======== Given information ========

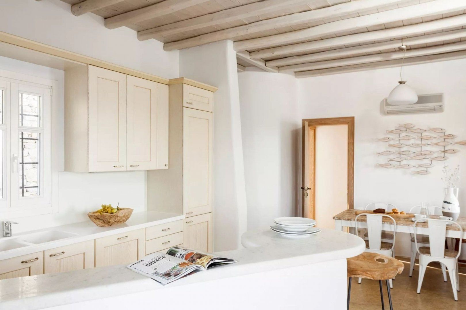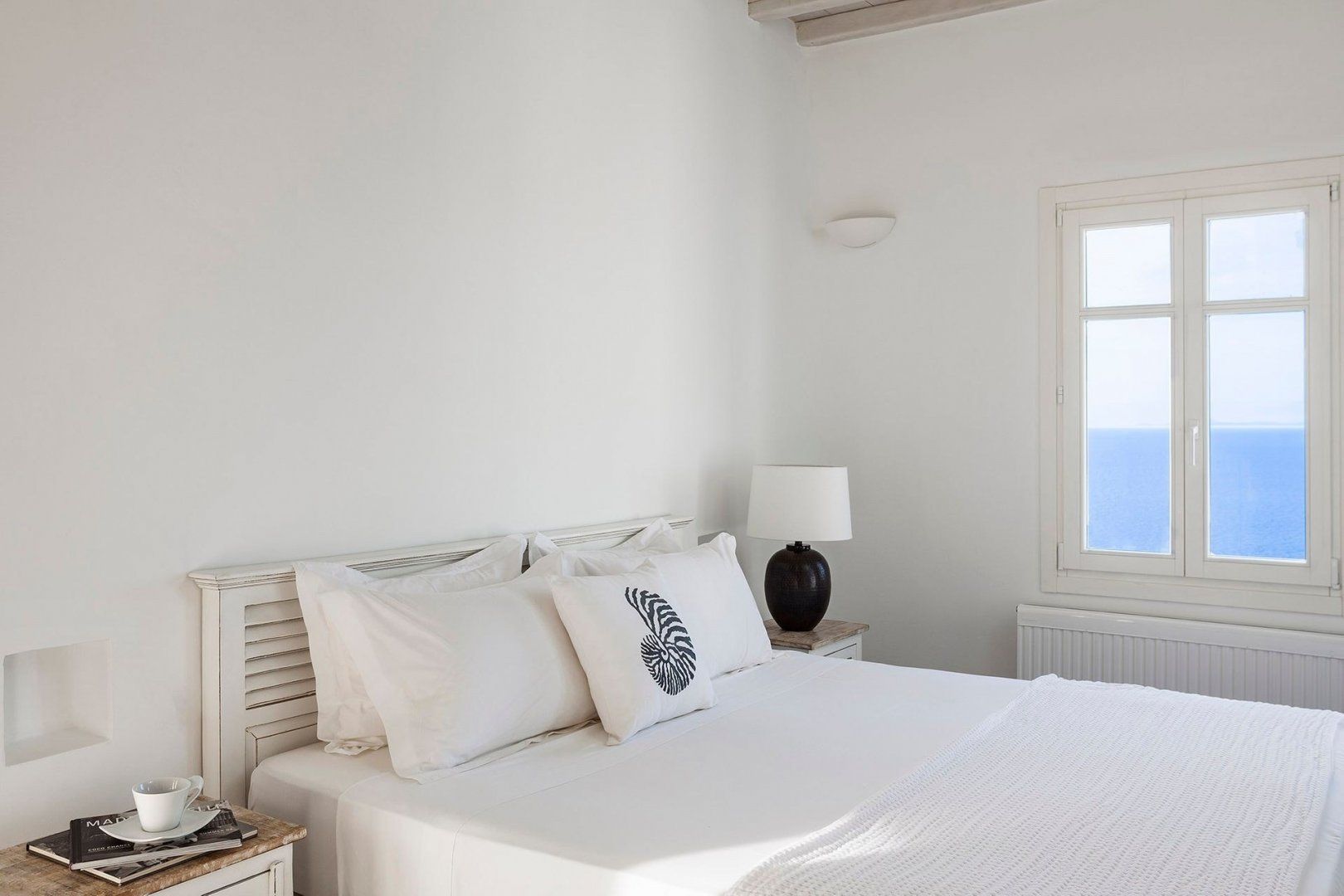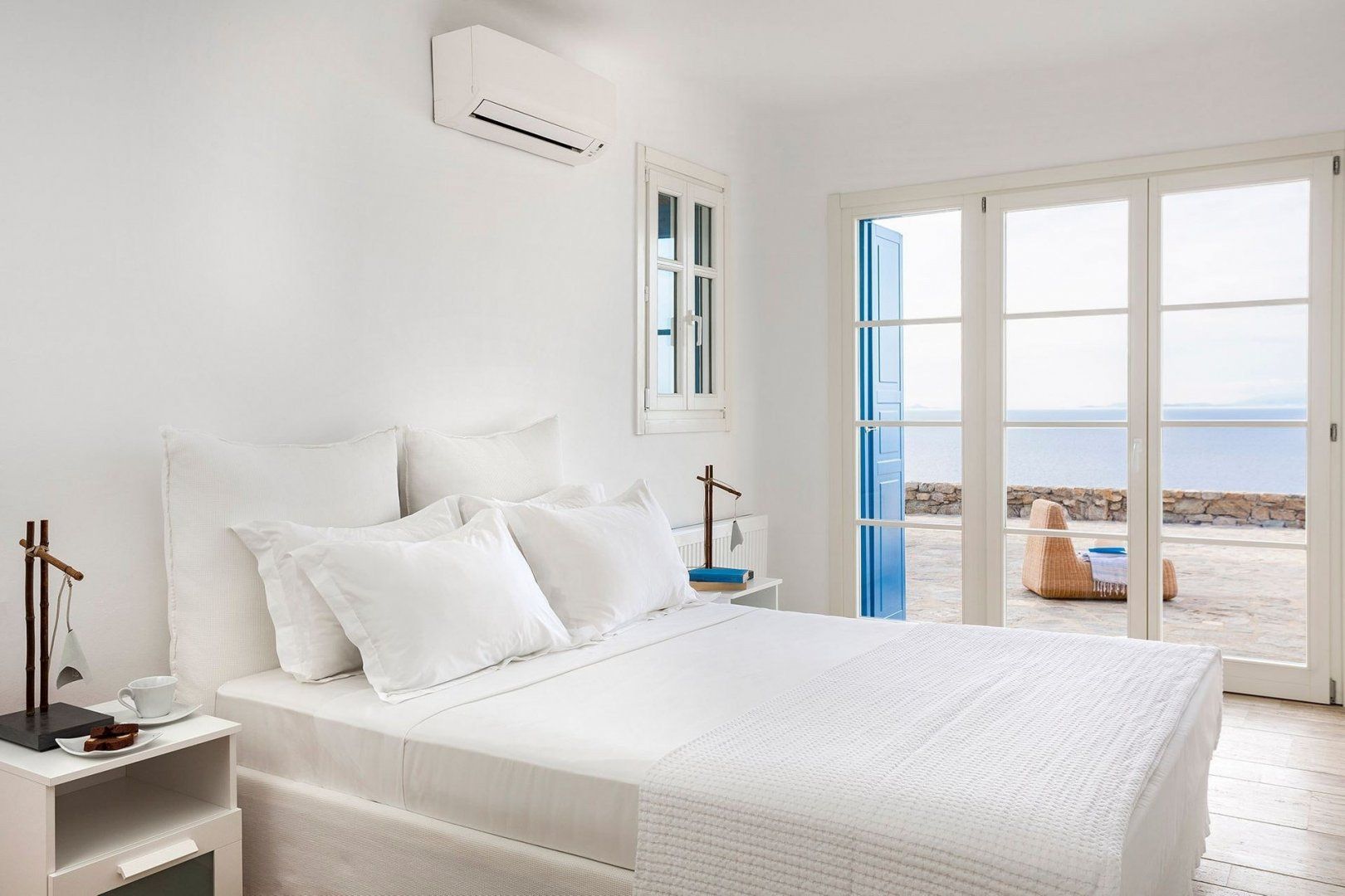 Soothing interiors and sparkling white-washed walls keep that relaxing atmosphere going even when you're inside. Fusing classic Cycladic architecture with modern comforts and minimalist design, the result is a bright and traditional home that has everything you'll need – from a Nespresso machine and Netflix to sumptuous beds and sleek bathrooms.
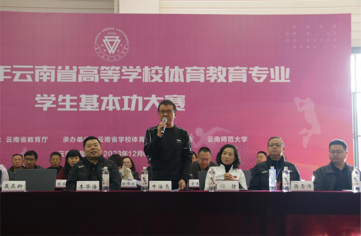 开幕式上,牛治亮对省教育厅和云南省学校体育教学指导委员会的信任和支持表示感谢,对各院校领导、全体教练员、运动员表示欢迎。他指出,体育教育是培养全面发展的人才的重要途径,是提高国民素质、促进社会和谐发展的基础工程。本次大赛,旨在全面展示云南省高校体育教育专业学生的风采,提高学生的综合素质,培养学生的团队精神和竞技能力,为云南省体育教育事业的发展储备优秀人才。牛治亮表示,云南师范大学将竭诚当好东道主,严格按照大赛组委会的各项要求,精心准备、悉心安排,细心工作贴心服务,全力以赴确保大赛取得成功。
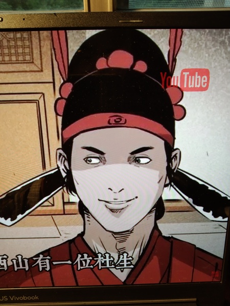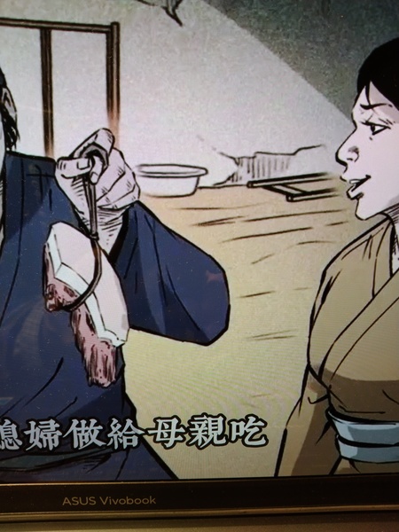 〈杜小雷〉故事略以:杜小雷十分孝順,母親雙盲,家裡雖窮,好東西都讓母親先吃。(註:照片翻拍自https://www.youtube.com/watch?v=fRfcbzK-Tp0)
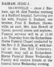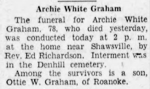 will follow in Den Hill Cemetery, Shawsville, VA. The Akers family
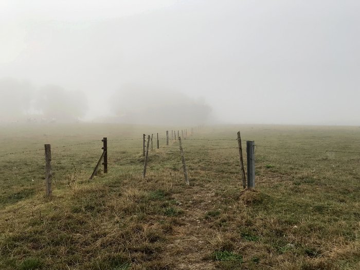 Sur le Chemin Vicinal N°11: En venant du haut, le chemin arrive à une clôture d’entrée de prairie. Un trace reste présente dans la pâture mais a tendance à disparaître. A l’extrémité du champs, après la clôture fixe, il se dissipe dans la végétation.
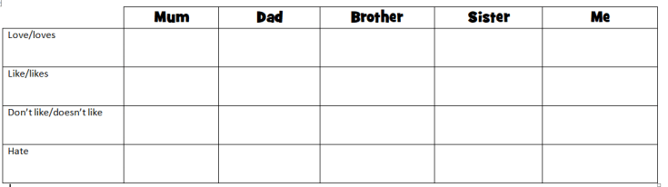 Esta semana imos averiguar os hobbies das vosas familias para facer unha pequena redacción. Antes de escribila planificade toda a información antes de darlle forma seguindo este modelo.
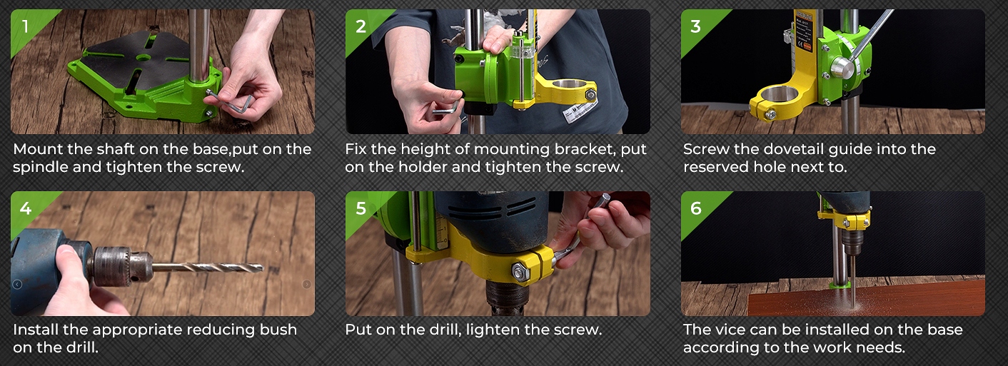 - Высота держателя: С его помощью вы можете зафиксировать зажим на рабочей высоте или длине дрели, обеспечивая дополнительную устойчивость.
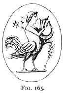 The cock on several gems, like Fig. 14, is either alone or combined with Apollo in a grillo, as in Fig. 165. 585a He is regarded as a "solar animal," 586 and thus sacred to the sun-gods, Osiris, Serapis, Jupiter, Apollo. The cock is also the symbol of Mercury, denoting vigilance. He: is sometimes represented as holding an ear of corn in his bill, meaning that "only vigilance can produce plenty." 587 As a watchful
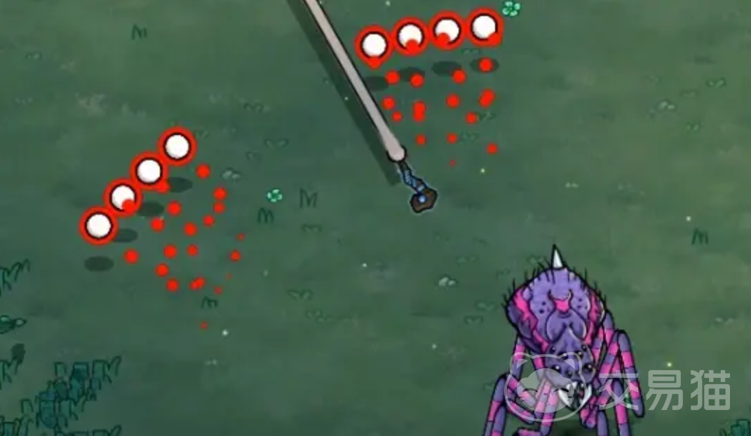 第二类技能为“五连聚散弹幕”。巨蛛先射出五枚独立弹丸,短暂飞行后同步向外横向展开成一排扇形覆盖。此技能释放前存在约0.8秒抬手动作,且弹丸初速较慢。推荐应对方式为:在抬手阶段立即垂直于弹幕发射方向横向侧移,或向后小幅后撤,确保自身始终处于展开后的空隙区域。
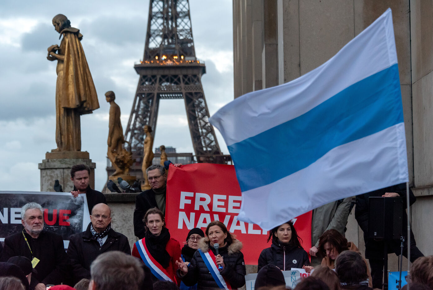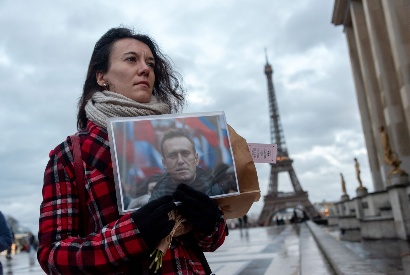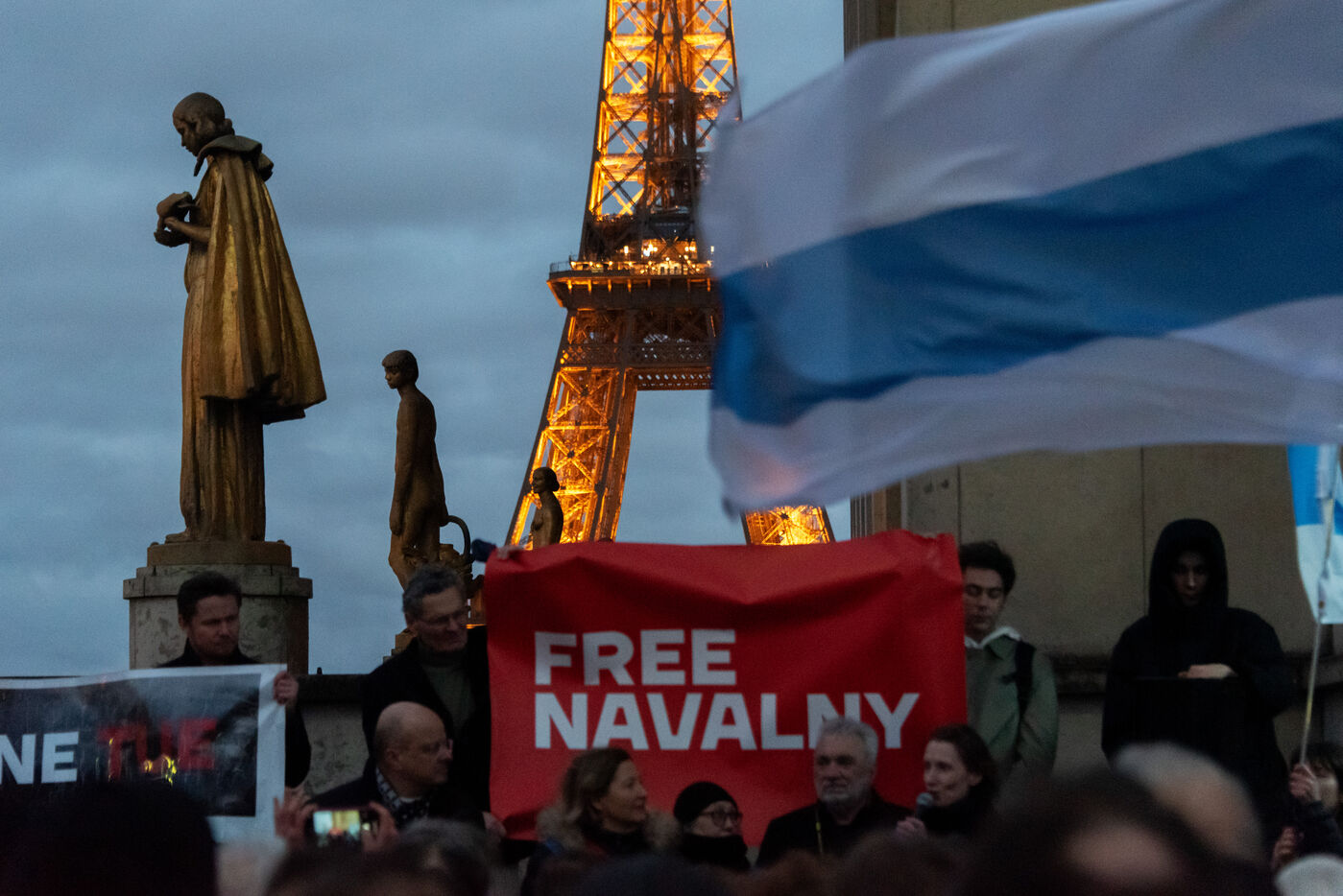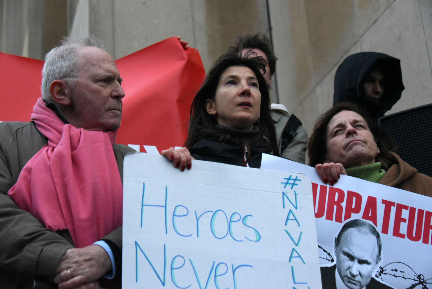 People at the demonstration in tribute of Alexei Navalny, a Russian opponent and political prisoner who is supposed to be killed in prison in Russia.
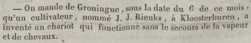Jan Jans en zijn broer Aukee Jans waren tot 1853 huurboer op de plaats van weduwe J.B.Grave-Dumonceau onder Kloosterburen. Jan Jans had daar in 1840 een uitvinding gedaan van een vehikel. Hij was toen 13 jaar.
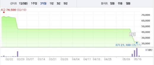 삼부토건은 지난 2월26일 보통주 880만여주를 148만여주로 줄이는 1차 감자를 단행했고, 이후 유상증자를 통해 6078만여주 신주를 발행했다. 이를 다시 623만주로 줄이는 2차 감자를 실시하면서 거래가 2달 이상 중단됐다.주가흐름<사진출처=네이버 캡쳐>

========

**Problem to work on**: Give back exactly the lines from the one with "People at the" through the end of the records above, inclusive, and omit any pictures.

**Task result**:
 People at the demonstration in tribute of Alexei Navalny, a Russian opponent and political prisoner who is supposed to be killed in prison in Russia.
Jan Jans en zijn broer Aukee Jans waren tot 1853 huurboer op de plaats van weduwe J.B.Grave-Dumonceau onder Kloosterburen. Jan Jans had daar in 1840 een uitvinding gedaan van een vehikel. Hij was toen 13 jaar.
 삼부토건은 지난 2월26일 보통주 880만여주를 148만여주로 줄이는 1차 감자를 단행했고, 이후 유상증자를 통해 6078만여주 신주를 발행했다. 이를 다시 623만주로 줄이는 2차 감자를 실시하면서 거래가 2달 이상 중단됐다.주가흐름<사진출처=네이버 캡쳐>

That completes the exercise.